For a 24/7 production prover under systemd or launchd, see Deploy as services; for a developer machine where you just want the binaries on PATH, see Deploy the binaries directly.

Prerequisites

Requirement	Notes
Linux or macOS	Tested on Ubuntu 22.04+ and macOS 13+ (Apple Silicon or Intel).
Docker Engine 24+	Must include the Compose plugin v2 (`docker compose version` should print `v2.x`).
~32 GB RAM	Each worker container preallocates the Assembly emulator's shared regions; the host needs enough headroom.
ZisK bundle on host (`/opt/zisk/`)	Worker containers mount the toolchain + proving key read-only from this path. `ziskup` is the easiest way to populate it.
Internet access	First `docker compose build` pulls base images, Rust toolchain, and crates from the network.
Open ports `7001`, `9090`, `9091`, `3000`	Coordinator public API, Prometheus, coordinator metrics, and Grafana on the host side (mapped from containers).
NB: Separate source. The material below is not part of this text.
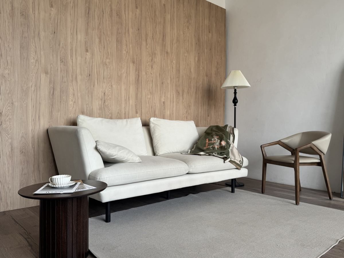СКАНДИ (Scandi) — просторный минималистичный зал с двумя деревянными акцентными стенами и серой бетонной фактурой. Большие окна дают мягкий естественный свет, а лаконичная мебель с кожаными креслами дополняет сканди‑настроение.

System dependencies (apt / brew packages used to populate /opt/zisk/) live in the developer install guides: Linux, macOS.

Install Docker

Pick your OS — Linux installs Docker Engine directly; macOS uses Docker Desktop, which also includes the Compose plugin.

1. Install Docker Engine. The upstream convenience script is the fastest path on Ubuntu / Debian:

curl -fsSL https://get.docker.com | sudo sh

For other distros or hardened environments, follow the official Docker Engine install docs.
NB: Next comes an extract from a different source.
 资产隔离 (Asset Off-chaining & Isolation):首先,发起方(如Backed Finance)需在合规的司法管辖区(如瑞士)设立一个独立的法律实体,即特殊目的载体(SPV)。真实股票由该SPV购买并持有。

2. Allow your user to run docker without sudo (optional but recommended):

sudo usermod -aG docker $USER
newgrp docker            # apply the group change without logging out

3. Install the Docker Compose v2 plugin. Drop the latest release into Docker's CLI-plugins directory so docker compose becomes available as a subcommand:

mkdir -p ~/.docker/cli-plugins
curl -SL https://github.com/docker/compose/releases/latest/download/docker-compose-linux-x86_64 \
    -o ~/.docker/cli-plugins/docker-compose
chmod +x ~/.docker/cli-plugins/docker-compose

4. Verify.

docker version
docker compose version    # must print "Docker Compose version v2.x"

Install ZisK on the host

The worker containers mount the toolchain + proving-key bundle read-only from the host. You need ziskup to run on the host once so /opt/zisk/ exists with the proving key inside. Follow the developer install guides:

At the ziskup prompt, pick option 1 (Install proving key). On macOS the bundle lands at /Library/Application Support/ZisK/ — set ZISK_HOME to that path before docker compose so the worker containers find it (the compose file falls back to /opt/zisk when the env var is unset).
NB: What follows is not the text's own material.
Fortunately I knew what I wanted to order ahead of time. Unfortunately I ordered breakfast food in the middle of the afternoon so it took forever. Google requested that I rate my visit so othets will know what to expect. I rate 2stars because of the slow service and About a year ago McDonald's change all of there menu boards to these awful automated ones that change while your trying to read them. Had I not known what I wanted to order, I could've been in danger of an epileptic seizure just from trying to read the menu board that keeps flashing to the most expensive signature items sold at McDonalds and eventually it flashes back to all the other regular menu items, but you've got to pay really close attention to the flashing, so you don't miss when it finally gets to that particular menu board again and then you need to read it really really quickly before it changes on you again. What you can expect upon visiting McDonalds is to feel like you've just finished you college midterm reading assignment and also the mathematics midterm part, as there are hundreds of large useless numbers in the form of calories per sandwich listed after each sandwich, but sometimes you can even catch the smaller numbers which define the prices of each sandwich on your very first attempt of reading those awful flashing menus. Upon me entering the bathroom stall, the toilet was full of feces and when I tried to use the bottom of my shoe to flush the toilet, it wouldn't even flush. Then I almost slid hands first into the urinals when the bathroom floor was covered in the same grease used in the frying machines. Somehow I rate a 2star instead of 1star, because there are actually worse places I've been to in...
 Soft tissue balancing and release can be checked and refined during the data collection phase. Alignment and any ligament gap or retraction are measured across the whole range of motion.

ZisK also needs cargo-zisk on the smoke-test host

The gcd host program in the smoke-test step further down is built with cargo run and links against the ZisK toolchain. The same ziskup install puts cargo-zisk on your PATH, so running ziskup on the host satisfies both the bundle-mount requirement and the smoke-test toolchain requirement at once.

Clone the repo

The compose file, the coordinator + worker Dockerfiles, and the Prometheus / Grafana provisioning all live under distributed/deploy/docker/ in the upstream repo. Clone it once and run everything from the workspace root:

git clone https://github.com/0xPolygonHermez/zisk.git
cd zisk

The relevant files:

distributed/deploy/docker/
├── compose.yaml             # the four-service stack
├── Dockerfile.coordinator   # coordinator image
└── Dockerfile.worker        # worker image (CPU/GPU via build arg)
distributed/deploy/config/
├── coordinator.toml         # mounted RO into the coordinator container
└── worker.toml              # mounted RO into each worker replica

Build the images

First-run builds compile the prover stack from source inside the images, which takes several minutes. From the workspace root:

docker compose -f distributed/deploy/docker/compose.yaml build

This builds two images: zisk-coordinator:latest and zisk-worker:latest (CPU build by default).

GPU workers

For a GPU-accelerated worker, rebuild with the GPU build arg:

docker compose -f distributed/deploy/docker/compose.yaml \
    build --build-arg GPU=true worker

The container still needs CUDA exposed via the NVIDIA Container Toolkit — install it on the host and add the relevant deploy.resources.reservations.devices block to the worker service in compose.yaml. See zisk-worker / Backend selection.

Start the stack

--scale worker=N controls how many worker replicas spawn. Four is a sane starting point on a beefy host:

docker compose -f distributed/deploy/docker/compose.yaml \
    up -d --scale worker=4

-d runs the stack detached. The stack contains:

Service	Image	Host ports	Notes
`coordinator`	`zisk-coordinator:latest`	`7001`, `9091`	Public gRPC on `:7001`; Prometheus scrape on `:9091`. Workers reach it via Docker DNS at `coordinator:50052`.
`worker`	`zisk-worker:latest`	(none)	Replicas spawned by `--scale`. Each gets an auto-generated `worker_id`. Mounts the host's `${ZISK_HOME:-/opt/zisk}` RO.
`prometheus`	`prom/prometheus:v2.51.0`	`9090`	Auto-scrapes the coordinator's `/metrics`.
`grafana`	`grafana/grafana:11.2.0`	`3000`	Anonymous Admin, datasource + dashboards auto-provisioned. Dev-only; lock down for any non-local deploy.

Watch the stack come up:

docker compose -f distributed/deploy/docker/compose.yaml logs -f

The coordinator emits worker registered: <uuid> capacity=10 lines as each worker dials in.

Verify

A /health probe from the host confirms the coordinator is reachable on the mapped port:

curl -i http://127.0.0.1:9091/health
# → HTTP/1.1 200 OK

Inspect container status:

docker compose -f distributed/deploy/docker/compose.yaml ps

You should see four services (coordinator, worker ×N, prometheus, grafana) all in the running state, with coordinator reporting healthy after the start period (it has a grpc_health_probe healthcheck baked in).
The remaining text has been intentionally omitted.